[Python-Dev] transform() and untransform() methods, and the codec registry (original) (raw)

Alexander Belopolsky alexander.belopolsky at gmail.com
Tue Dec 7 06:57:43 CET 2010


On Tue, Dec 7, 2010 at 12:06 AM, Nick Coghlan <ncoghlan at gmail.com> wrote:

On Tue, Dec 7, 2010 at 2:46 PM, Alexander Belopolsky <alexander.belopolsky at gmail.com> wrote:

Having all encodings accessible in a str method only promotes a programming style where bytes objects can contain differently encoded strings in different parts of the program.  Instead, well-written programs should decode bytes on input, do all processing with str type and decode on output.  When strings need to be passed to char* C APIs, they should be encoded in UTF-8.  Many C APIs originally designed for ASCII actually produce meaningful results when given  UTF-8 bytes. (Supporting such usage was one of the design goals of UTF-8.) This world sounds nice, but it isn't the one that exists right now. Practicality beats purity and all that :)

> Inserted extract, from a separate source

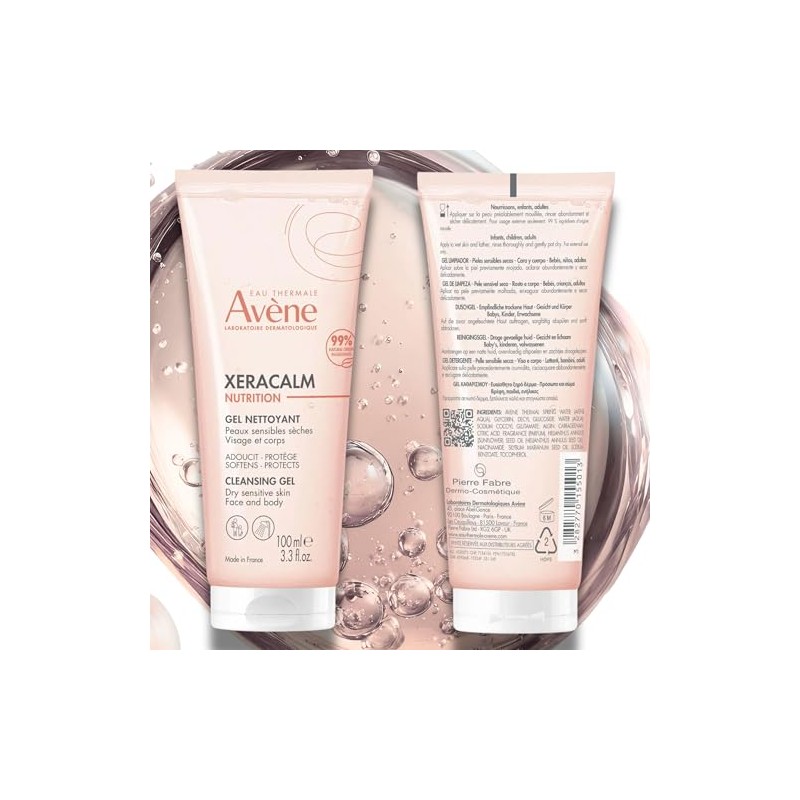 Avene Xeracalm Nutrition Kit - Crema Hidratante Facial 200 ml, Leche Hidratante Xeracalm Gel Limpiador Facial 100ml Para Piel Seca 2 Piezas
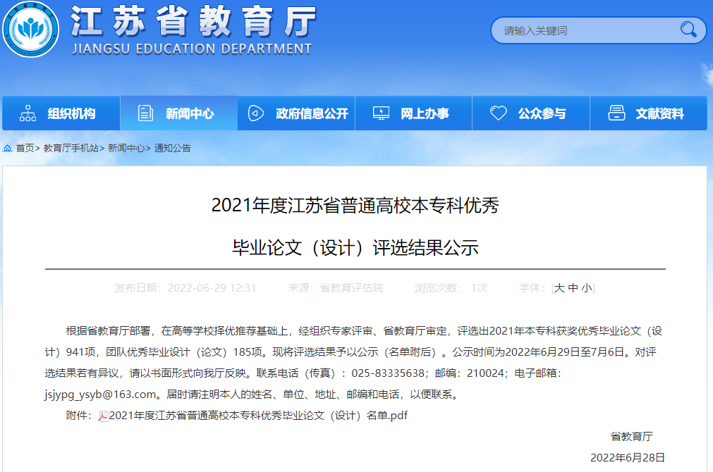 近日,江苏省教育厅公布了2021年度江苏省普通高校本科优秀毕业论文(设计)评选结果,福利姬

.. and default encoding being fixed as UTF-8 already goes 99% of the way to that world. As long as I can use encode/decode without an argument, it does not bother me much that they can take one. These methods are also much easier to ignore than the transform/untransform pair simply because it is only one method per class. transform/untransform have much larger mental footprint not only because there are two of them in both str and bytes, but also because both str and bytes have a synonymously named translate method. With 43 non-special methods, str interface is already huge. The transform() method with a suitable set of codecs could possibly replace things like expandtabs() or swapcase(), but that would be like writing x.transform('exp') and x.unstransform('exp') instead of math.exp(x) and math.log(x).